Warrior Within picked up seven years after The Sands of Time. Finding himself on the run from the Guardian of Time, Dahaka, the Prince pays dearly for releasing the sands. And as the last resort, he travels to the Island of Time to right his wrongs; to gain an audience with the Empress of Time and prevent the sands from ever being created. A gloomy premise that carried throughout the whole game.
Its story relied on but a handful of characters to tell the tale, which only added to the sense of dread. There’s the Prince himself, who changed a lot since his appearance in The Sands of Time; he now seems defeated and vulnerable.
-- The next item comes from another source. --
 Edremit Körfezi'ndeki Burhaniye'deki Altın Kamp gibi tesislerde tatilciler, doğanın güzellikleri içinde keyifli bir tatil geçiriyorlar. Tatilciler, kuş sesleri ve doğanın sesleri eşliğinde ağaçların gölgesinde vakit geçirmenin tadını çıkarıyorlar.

And then there’s Dahaka, the shadowy figure which appears at various intervals to remind the Prince of his mortality.
He also faces off against the rather provocative Shahdee in multiple boss battles. And finally, there’s the mysterious Kaileena, voiced by (gulp) Monica Bellucci herself. In a somewhat predictable twist though, she turns out to be the Empress at the end of the game. The tone of the story contrasts greatly with Sands of Time and Two Thrones; it doesn’t fit in stylistically, yet somehow makes perfect sense within the overall storyline.
Throughout the campaign, nothing signified that the Prince would come out on top. And Warrior Within also featured two different endings, one of them unlockable by obtaining every item in the game. Neither of the endings was happy, however. Unless you count the Prince sleeping with Kaileena in the latter. Now there’s a happy ending.
I Stand Alone
It’s true that gameplay remained largely the same (i.e. awesome). But the dark tone of the story seeped into it as well. As the Prince washes up ashore, the island greets him with a sombre melody and a pack of crows circling around. The island itself is dark and depressing; its fortress crumbling and lifeless, unspared by the passage of time.
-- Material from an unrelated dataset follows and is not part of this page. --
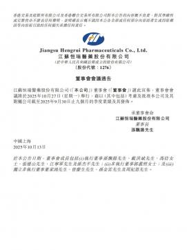 [投资者关系]600276_2025-10-14-恒瑞医药-H股公告-董事会会议通告(银创产业通www.chanyetong.net)

That somewhat changed once the Prince unlocked the ability to travel back in time. As if by some sorcery, vegetation returned and the grand halls were restored to their former glory. The game contrasts not only with the other entries, but within its own confines. Aside from puzzles scattered throughout the fortress, there weren’t many moments of reprieve. And Warrior Within wore its dark tone like a badge of honour.
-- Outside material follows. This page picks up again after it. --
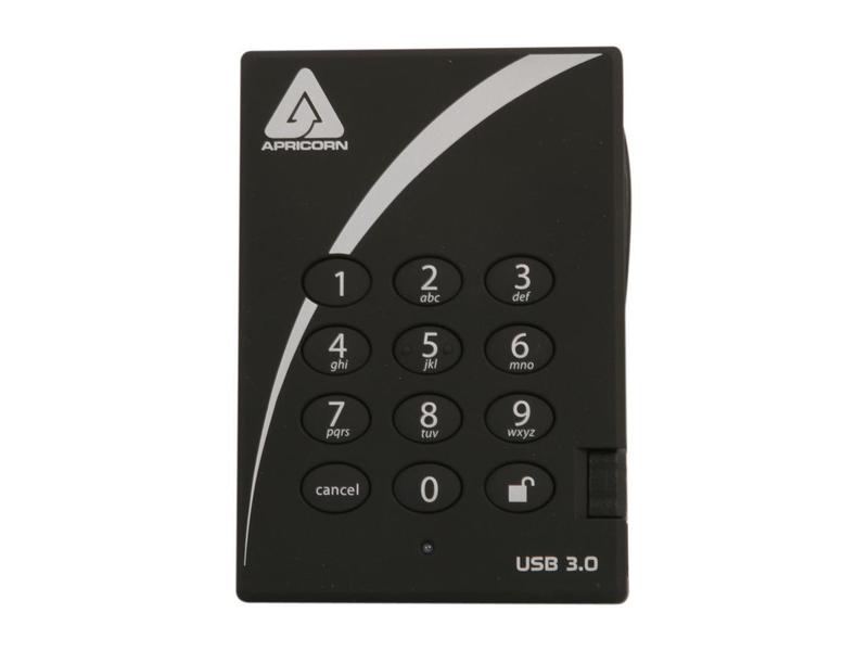 5. APRICORN 500GB Aegis Padlock External Hard Drive with 256-bit AES Encryption USB 3.0 Model A25-3PL256-500 Black

It was also much more graphic and violent than its predecessor, focusing on cleavage and gore. During combat, every swing of the sword left visible cuts and the Prince finished off every enemy in a glorious splash of blood. He often decapitated them or even sliced them in half. Dark, heavy metal music accompanied every battle encounter. And who could’ve imagined that the end credits would feature a song from Godsmack?
By no means was Warrior Within perfect. Even its remastered PlayStation 3 version looks quite janky and the camera easily induces moments of confusion. But there’s so much substance to gameplay and story, that the shortcomings can be easily overlooked.
Its characters, environments and music worked in perfect unison to form something uniquely special. Nowadays, it’s rare for a game to differ so much from its predecessors and somehow retain the same soul. And for even attempting something so different, let alone succeeding with it, the developers surely deserve a round of hearty applause.
For now, the only way to play Warrior Within on an Xbox console is on the original Xbox, and the game is yet to arrive to Backwards Compatibility. In the meantime, why not give The Sands of Time a go and see where the Prince’s perilous journey began?